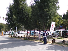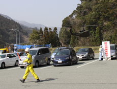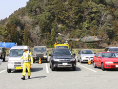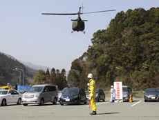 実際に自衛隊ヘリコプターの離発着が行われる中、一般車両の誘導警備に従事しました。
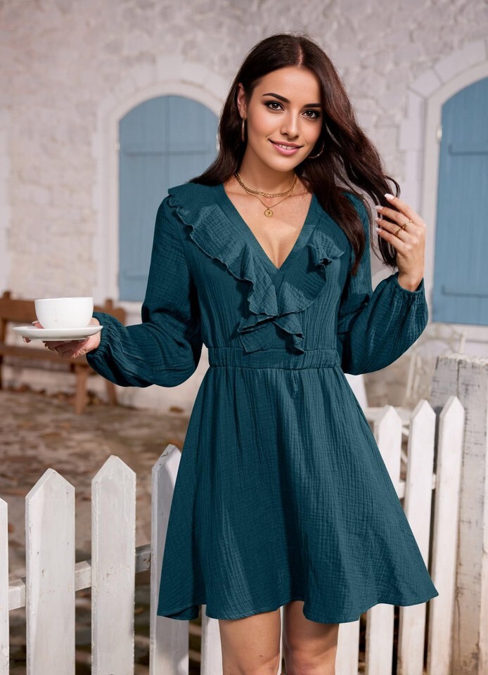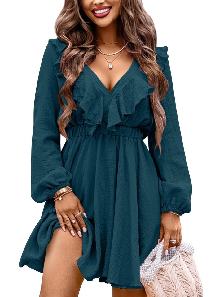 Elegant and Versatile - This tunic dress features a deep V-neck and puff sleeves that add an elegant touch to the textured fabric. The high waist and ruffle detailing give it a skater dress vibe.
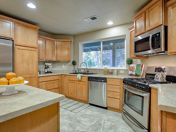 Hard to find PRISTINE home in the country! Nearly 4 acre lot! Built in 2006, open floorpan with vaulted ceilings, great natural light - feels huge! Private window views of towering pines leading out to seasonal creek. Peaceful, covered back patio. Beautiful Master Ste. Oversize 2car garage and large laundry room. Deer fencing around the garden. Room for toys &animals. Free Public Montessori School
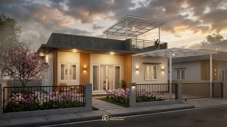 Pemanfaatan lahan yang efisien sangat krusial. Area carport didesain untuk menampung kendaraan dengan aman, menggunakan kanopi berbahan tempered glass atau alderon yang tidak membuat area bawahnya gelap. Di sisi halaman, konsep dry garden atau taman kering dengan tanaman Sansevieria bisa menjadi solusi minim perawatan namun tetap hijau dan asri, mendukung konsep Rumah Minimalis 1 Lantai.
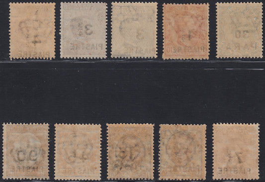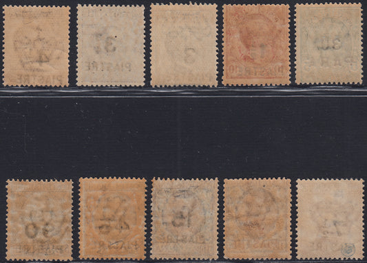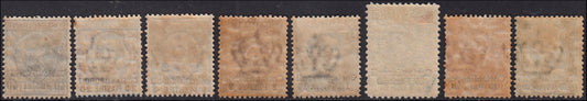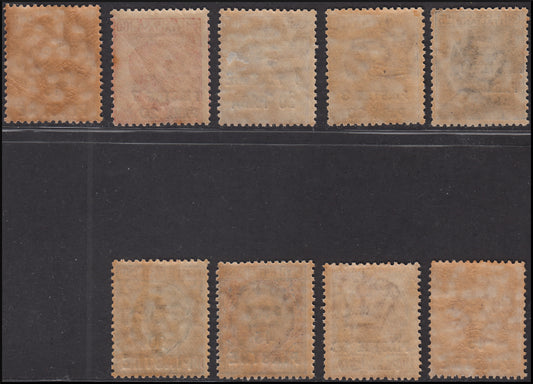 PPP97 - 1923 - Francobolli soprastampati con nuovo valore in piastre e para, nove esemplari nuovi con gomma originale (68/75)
======
# Problem details:
Set down the records above word for word, from the first line through the line containing "Elegant and Versatile", both included; leave out the pictures.

# Answer:
 実際に自衛隊ヘリコプターの離発着が行われる中、一般車両の誘導警備に従事しました。
 Elegant and Versatile - This tunic dress features a deep V-neck and puff sleeves that add an elegant touch to the textured fabric. The high waist and ruffle detailing give it a skater dress vibe.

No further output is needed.